Without going into all the details of the above verse, Paul is describing a service in the early church. He’s describing some of the things that ought to go on and some of the things that ought not to go on. But among those things, he defines a time in the service when you give thanks.
So Paul affirms that a part of the early church service was the giving of thanks, and this was a good thing to do. The church engaged itself in being thankful; and it should be so, since it is part and parcel of what it means to have a proper and appropriate response to the goodness of God. As Paul says in his other recorded letter to the Corinthians,
For all things are for your sakes, so that the grace which is spreading to more and more people may cause the giving of thanks to abound to the glory of God. (2 Corinthians 4:15)

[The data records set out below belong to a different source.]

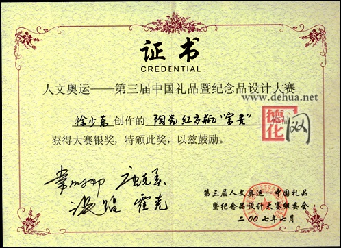 日前,人文奥运——第三届中国礼品暨旅游纪念品设计大赛落下帷幕,来自中国瓷都——福建德化县的富贵红名瓷“富贵”方瓶获大赛银奖。
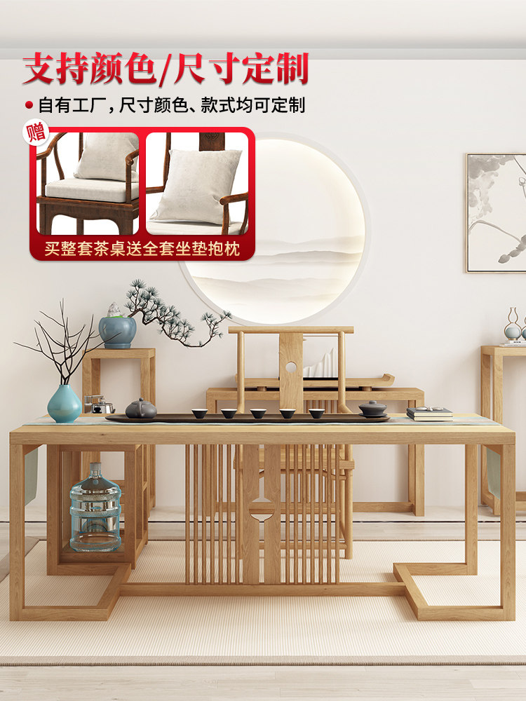 Solid wood tea table and chair combination Tea table table New Chinese living room tea table Household wood tea table Tea set one
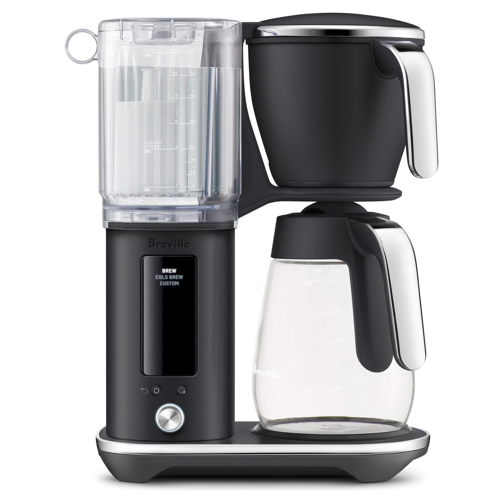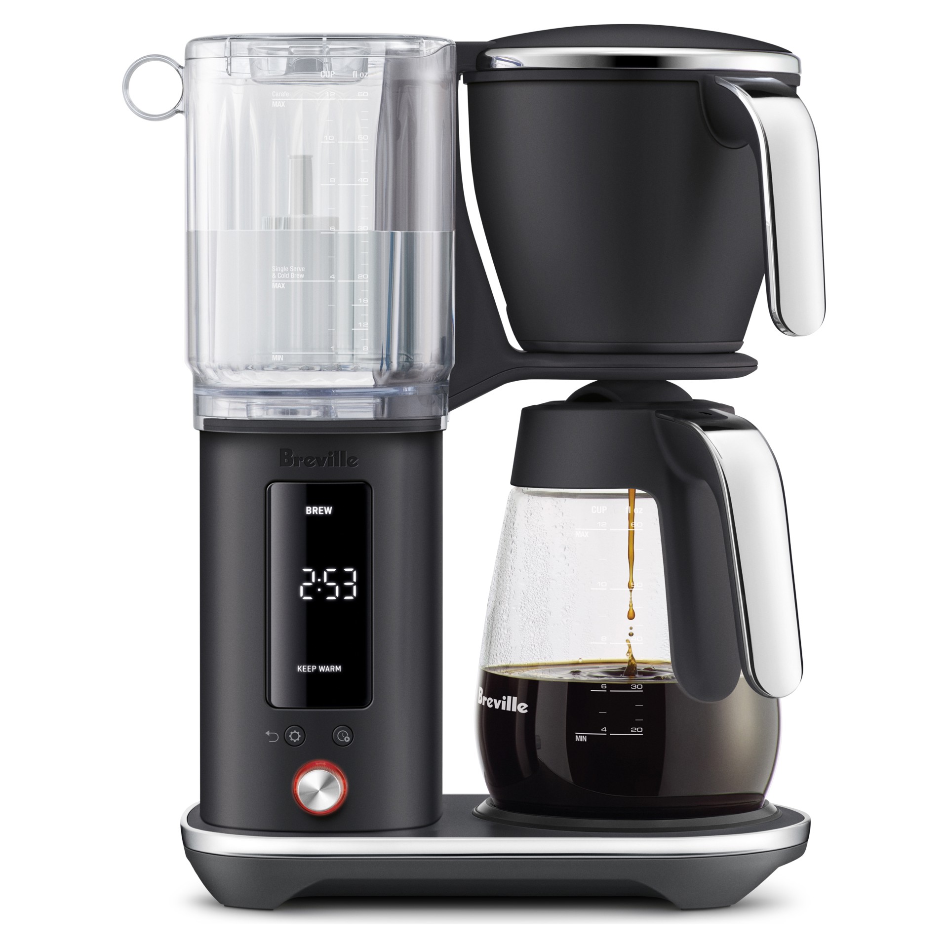 Large 12-cup removable tank with built-in Claro Swiss water filter and measurement lines. The wide opening makes refilling quick and splash-free.
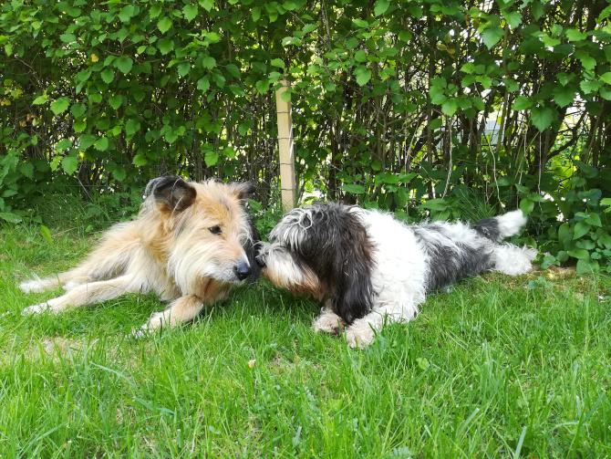 Hoitopaikassa asuu suunnilleen Epun ikäinen narttukoira, jonka kanssa yhteiselo sujuu hyvin. Myöskään kissojen kanssa ei ole ongelmia.
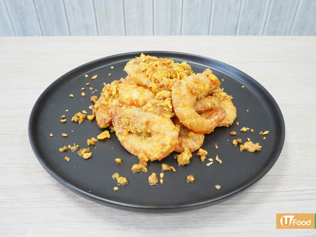 黃金蝦帶有陣陣的咸蛋黃味,加上新鮮大蝦,味道鹹香,令人忍不住食完一隻再接一隻,只需要4步簡單步驟就能煮出大排檔風味。
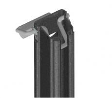Utløselig vertikal vognstopper nr. 85 skal monteres i hullene for muffeforbindelser ved den øvre enden av den vertikale profilen for å hindre at klatrevognen glir ut utilsiktet.

In other words, Paul says, “Everything I do in my ministry as a representative of God, everything that God has me do, is for the purpose of causing gratitude. And this gratitude abounds to the honor and glory of God, who is the giver.”
Paul can tell us to give thanks in everything because everything that comes into our lives fits into God’s purpose to spread grace to us. Paul says later in this same letter,
Now He who supplies seed to the sower and bread for food will supply and multiply your seed for sowing and increase the harvest of your righteousness; you will be enriched in everything for all liberality, which through us is producing thanksgiving to God. (2 Corinthians 9:10-11)
God is going to give you everything you need. He’s going to enrich you in everything, and He’s going to do it liberally, so that you can be liberal as you share these spiritual blessings. And God blesses us like this in order that it might produce thanksgiving.
We find another reference to the centrality of thanksgiving in Ephesians:
But immorality or any impurity or greed must not even be named among you, as is proper among saints; and there must be no filthiness and silly talk, or coarse jesting, which are not fitting, but rather giving of thanks. (Ephesians 5:3)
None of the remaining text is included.